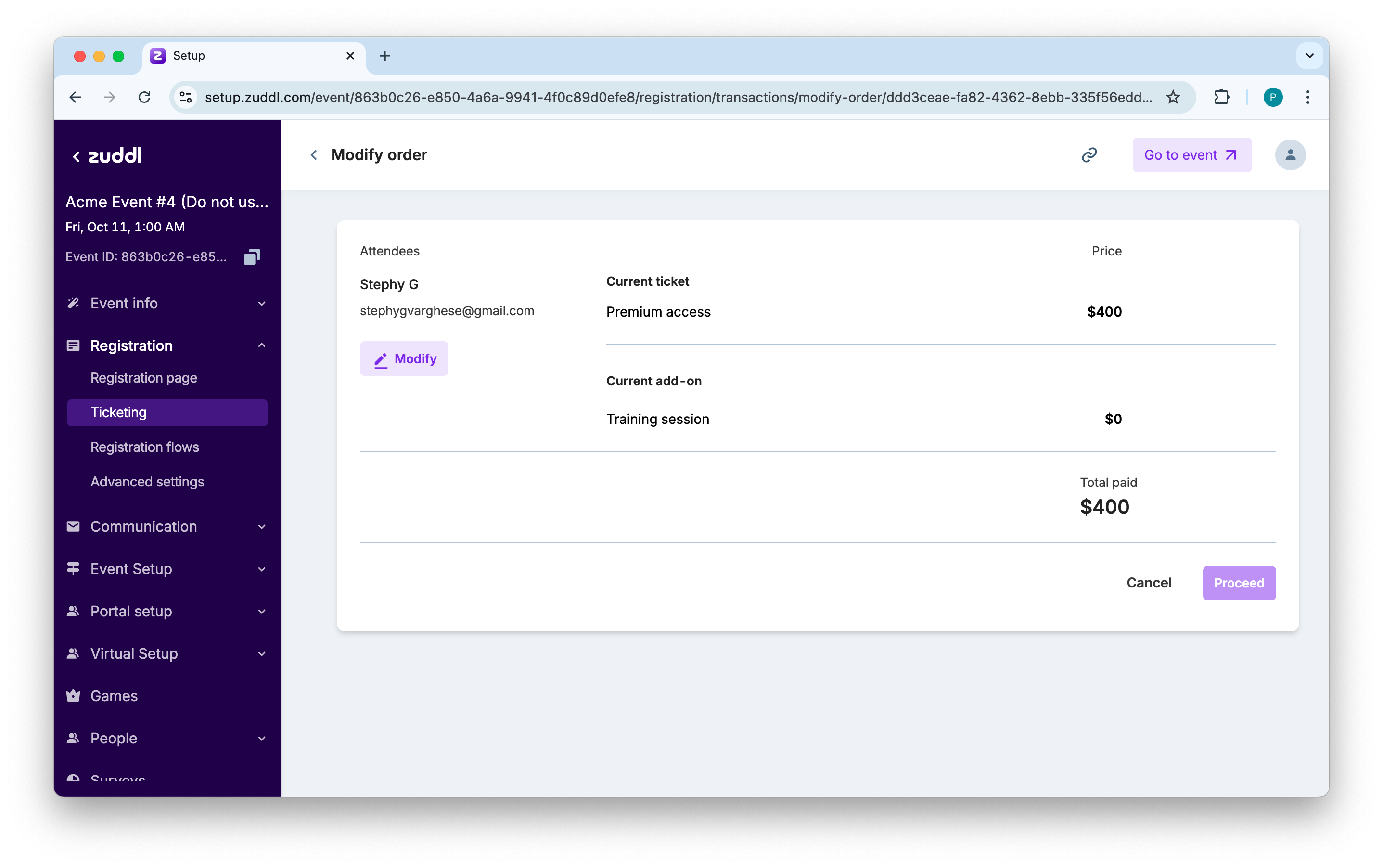 On the modify screen, click the Modify button for the required ticket/attendee.
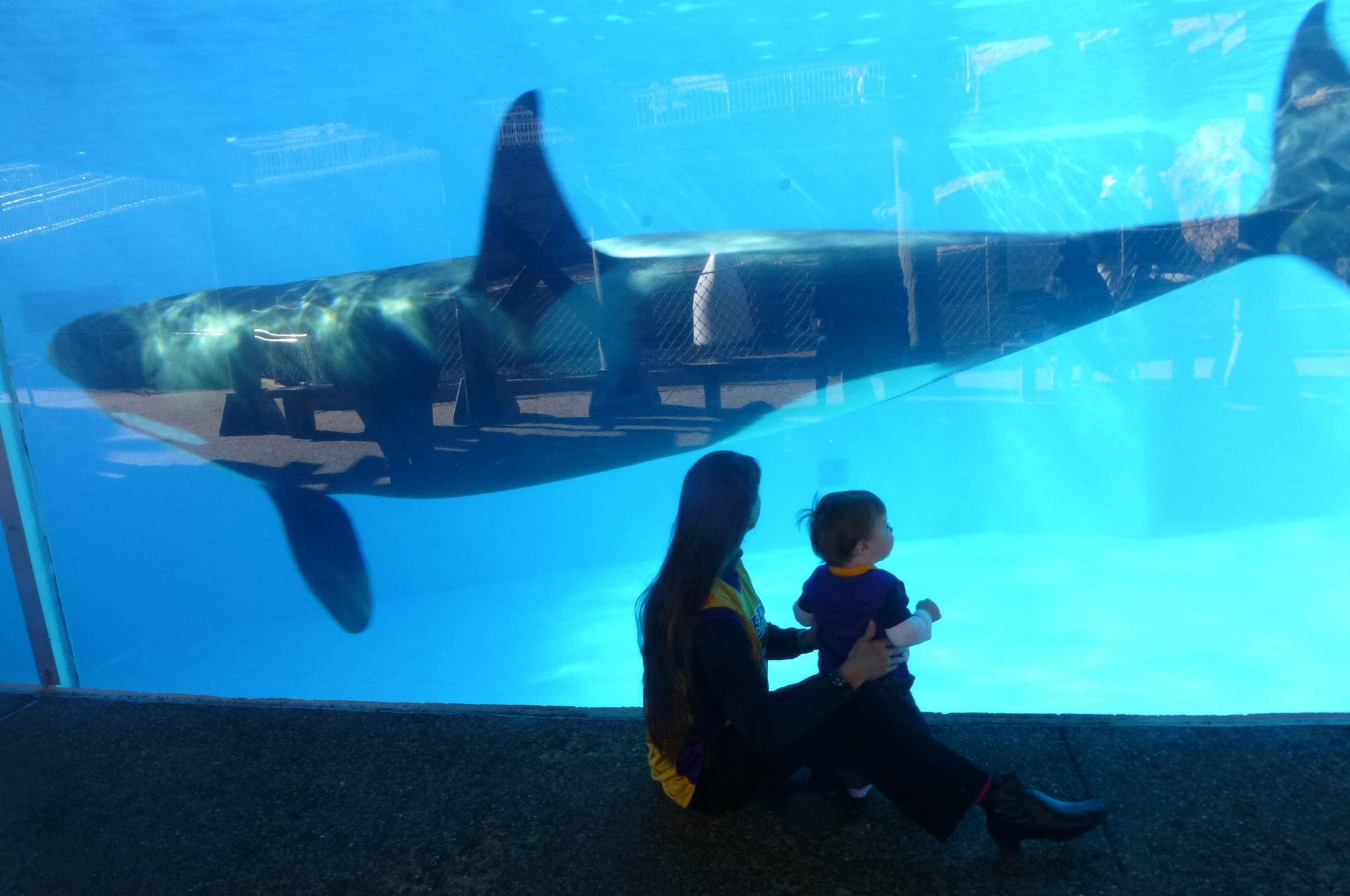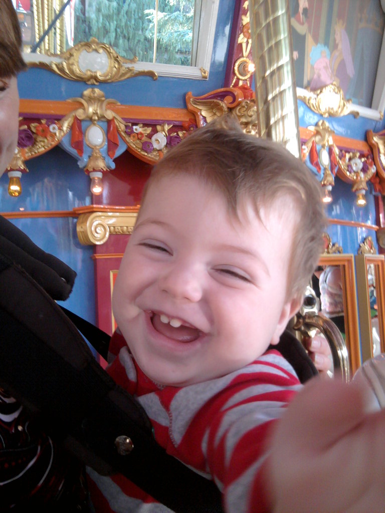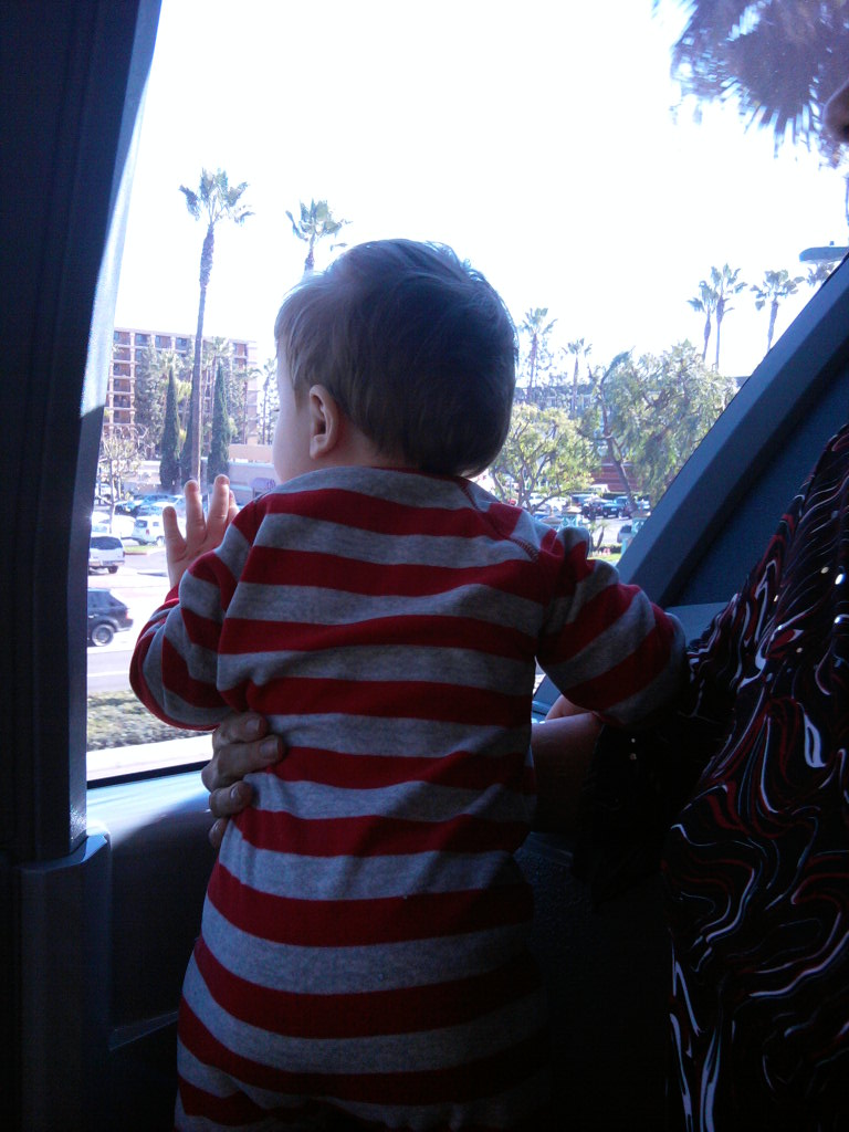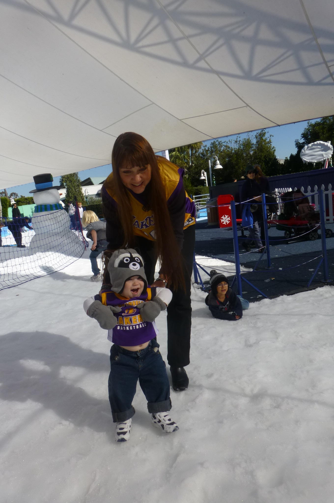 We went to Sea World for the last day of 2012, and you saw the biggest black and white “CAT!” you’ve ever seen in your life. I have to agree, that “cat” was pretty huge! You also walked around in their Snow World. It was pretty slippery and you would get your butt up and rock your weight to stand up, and then your butt would go back down. Rinse and repeat. After laughing because it was so cute, I finally helped you stand and walk on the slippery stuff and you loved it. You also really loved their big Christmas tree with all the BALLS on it. You getting your nap is always a concern huge cause of stress for me, and after my mommy-fail at our Queen Mary outing, I decided to take you to the car and nurse you and just let you sleep on me. With that strategy in place, I relaxed a bit and you ended up taking a 1.5 hour nap on my lap. It’s been a long time since you’ve slept on me, and I savored every second of watching your beautiful face while you slept, feeling and watching your chest rising and falling, and hearing your little sighs. I was thrilled to discover that you still smile and laugh in your sleep.
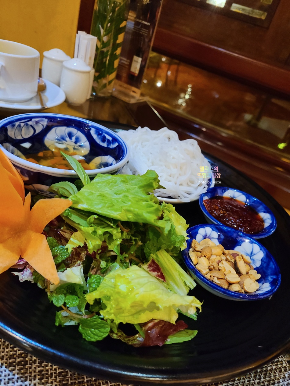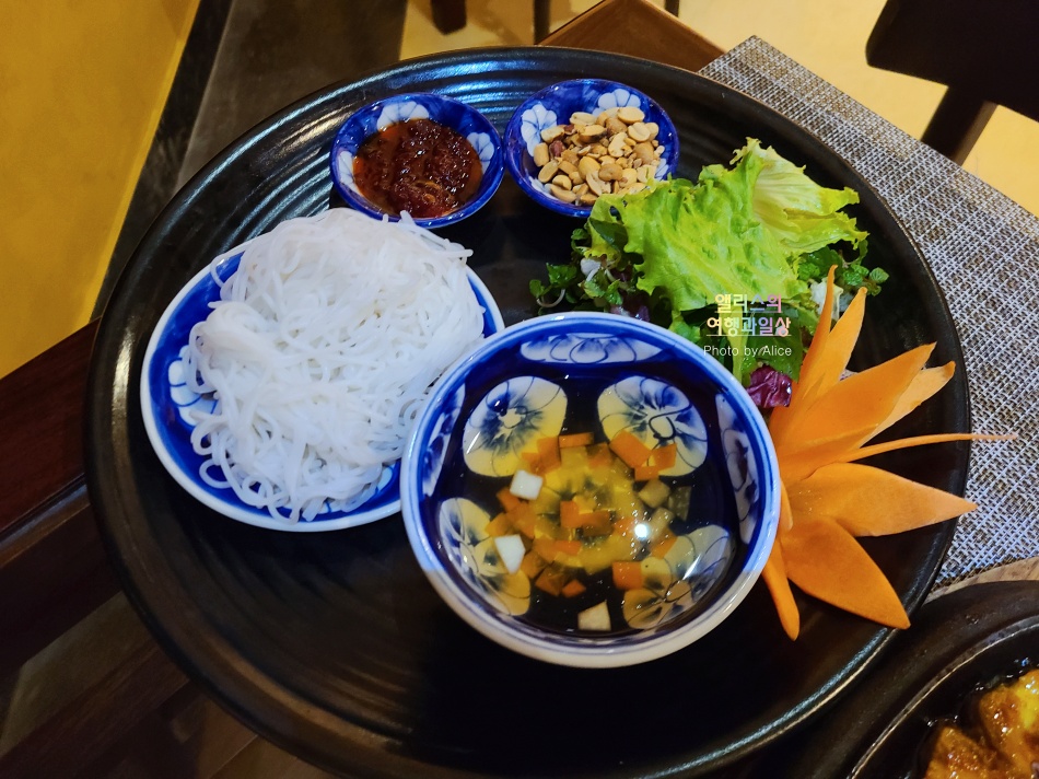 해산물과 채소로 잘 구워 뜨거운 팬에 올려진 음식으로 해산물을 좋아하고 채소 섭취를 즐긴다면 정말 맛있게 먹을 수 있는 메뉴였다. 여기에 서비스로 분짜 스타일의 쌀국수가 제공되기에 먹기에도 좋고 배불리 먹기에 안성맞춤이었다. 밥대신 쌀국수가 포함된 메뉴라고 보면 된다.
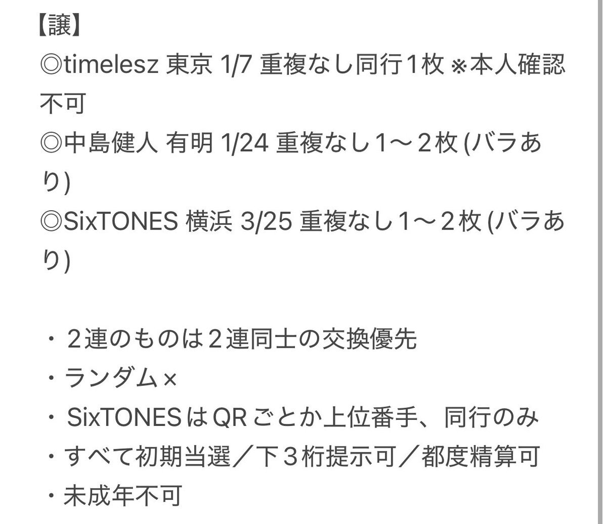 @1 イレギュラー交換を探しています。 【譲】 ・timelesz 東京1/7 ・中島健人 有明 1/24 ・SixTONES 横浜3/25 ※詳細は添付をご確認ください 【求】 Snow Man 東京 12/23,24,25,26のいずれか1〜2枚 お心当たりのある方はDMまでお願いいたします。 #timelesz譲 #中島健人譲 #SixTONES譲 pic.x.com/KZApP1bZ6j
■ ■ ■ ■ ■ ■ ■
#### [Instructions for the task]
Beginning with the line that holds "해산물과 채소로 잘 구워", output each line to the end of the material above, exactly, omitting the pictures.

#### [Solution for this task]
 해산물과 채소로 잘 구워 뜨거운 팬에 올려진 음식으로 해산물을 좋아하고 채소 섭취를 즐긴다면 정말 맛있게 먹을 수 있는 메뉴였다. 여기에 서비스로 분짜 스타일의 쌀국수가 제공되기에 먹기에도 좋고 배불리 먹기에 안성맞춤이었다. 밥대신 쌀국수가 포함된 메뉴라고 보면 된다.
 @1 イレギュラー交換を探しています。 【譲】 ・timelesz 東京1/7 ・中島健人 有明 1/24 ・SixTONES 横浜3/25 ※詳細は添付をご確認ください 【求】 Snow Man 東京 12/23,24,25,26のいずれか1〜2枚 お心当たりのある方はDMまでお願いいたします。 #timelesz譲 #中島健人譲 #SixTONES譲 pic.x.com/KZApP1bZ6j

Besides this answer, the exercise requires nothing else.